巻上さんはずっと前から知っていたし、吉増さんは別の方面から知っていたが、ほかの出演者の方たちは、大友さんを含めてまったく偶然に知ったのだ。だから、大友さんがヒカシューに在籍していたということを知ったときにはほんとうに驚いた。


さて、北里さんの『サウンドアナトミア』であるが、そもそもこの本はmixiの北里さんの日記がもとになって生まれたということらしい。母親が倒れ、施設に入れるのではなく在宅介護を選んだ北里さんは、mixiの日記に評論を書き始めた。それを大友さんがしつこく(^_^; 読みに来て、出版、ということになったらしい。


大友さんは、ライブを聴きに来ないで評論をするやつなんて、と書いていたけど、その実非常に共感を持って読んでいたのだろう、きっと。微妙に偏屈だけどものすごくいい人、大友さん。この日も横から過激な発言をしていたけど、それは目立ちたいとかそういうことじゃなくて、うまく言えないけど、音楽が好きで好きでたまらない、ということによるのだ、ということが、わたしにさえよくわかるのだった。
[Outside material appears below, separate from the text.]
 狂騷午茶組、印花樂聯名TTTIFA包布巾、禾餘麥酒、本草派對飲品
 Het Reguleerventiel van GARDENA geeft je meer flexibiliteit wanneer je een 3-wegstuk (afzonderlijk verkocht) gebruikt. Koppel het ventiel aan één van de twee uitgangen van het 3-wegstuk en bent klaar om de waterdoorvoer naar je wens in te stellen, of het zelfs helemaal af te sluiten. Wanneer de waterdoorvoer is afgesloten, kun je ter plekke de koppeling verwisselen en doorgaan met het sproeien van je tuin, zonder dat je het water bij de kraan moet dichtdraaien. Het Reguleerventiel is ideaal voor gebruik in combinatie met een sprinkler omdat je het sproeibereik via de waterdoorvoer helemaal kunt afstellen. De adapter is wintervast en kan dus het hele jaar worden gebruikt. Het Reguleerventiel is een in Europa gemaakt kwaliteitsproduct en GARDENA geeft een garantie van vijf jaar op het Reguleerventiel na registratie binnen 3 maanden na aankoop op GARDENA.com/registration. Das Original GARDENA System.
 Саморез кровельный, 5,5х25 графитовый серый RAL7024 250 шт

でもそんなだから、大谷さんにフェンダーギターアンプをオークションに掛けられそうになったりするのだった(^_^;


対談については書ききれないので、ひとつだけ。時間感覚の問題。北里さんは母親の介護をしながら生活をしているわけだけど、その中で日本の医療のあり方を知る。それは、若い人が病気をしたときに直して社会に戻してやる、というもの。
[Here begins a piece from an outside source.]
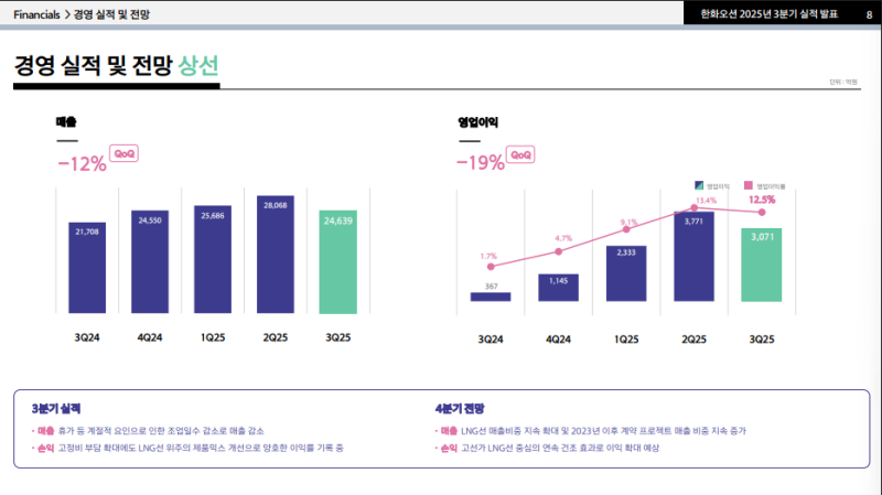 • 2025년 4분기 진행 공사 인도 영향으로 매출 소폭 감소 예상

でも、老人の場合はそうではない。もう、必ずしも現役で働く必要がなかったりするわけで、そうだとするとまったく違った時間感覚で生きるようになる。老人から見ると、現役で働いている若い人はスーパーマンのように見えるという。そのくらい違うらしい。


そこで微妙にジェンダー論と被ってくるのだけど、たとえばSachiko Mさんの音楽というのは非常に長い時間感覚の中で演奏されるもので、共演した巻上さんは、もっと短いフレーズで切れ切れになっている、いわば、もっと短い、あるいは速い時間感覚の中で演奏されているというのだ(ジェンダー論と関わってくると書いたのは、北里さんは前者を女性的、後者を男性的、と表現したことと関わってくるが、それについてはまた別の機会に、ということになった。これはもちろん身体的な性差の問題ではなく、ジェンダーの問題)。
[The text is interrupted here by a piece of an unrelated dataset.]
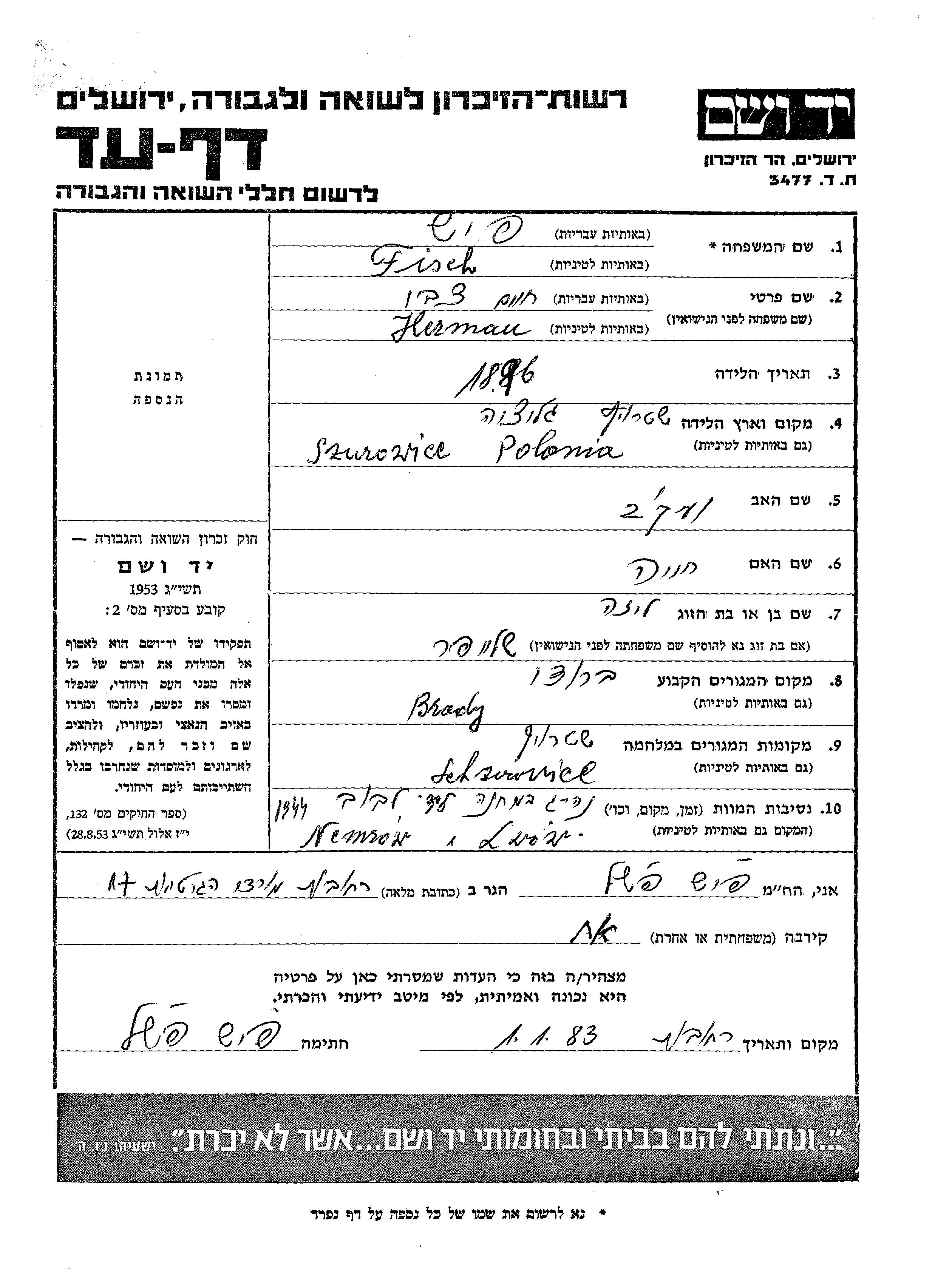 יד ושם - המפעל להנצחת השמות בדפי עד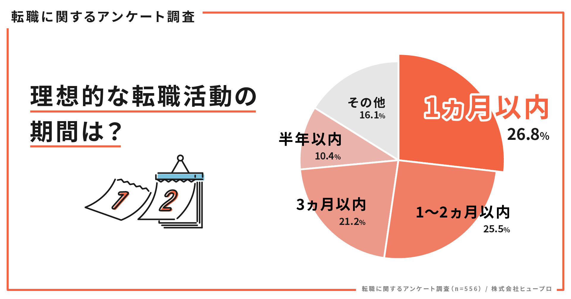 10代~60代の全国の男女556名を対象としたアンケート調査の結果、理想的な転職活動の期間は「1ヶ月以内」と回答した方が26.8%で最多となりました。「1〜2ヶ月以内」と回答した方も僅差で25.5%となり、転職を検討している人の半数以上が「少なくとも2ヶ月以内に転職先を決めたい」と考えていることが明らかとなりました。

その、長い時間感覚が、介護を必要とするような老人の時間感覚と共通する、あるいは想起させるものがある、というのだった。


これはなかなか興味深い問題だ。大友さんが、これに空間の問題を付け足した。そして、まだまだこういった音楽に対して語る言葉がない、というところで、終わり、ということになった。エンドレスになりそうな雰囲気だったので。わたしはそのまま帰ってしまったので、その後のことは分からない。どこかで誰かがもっと適切なことを書いていると思う。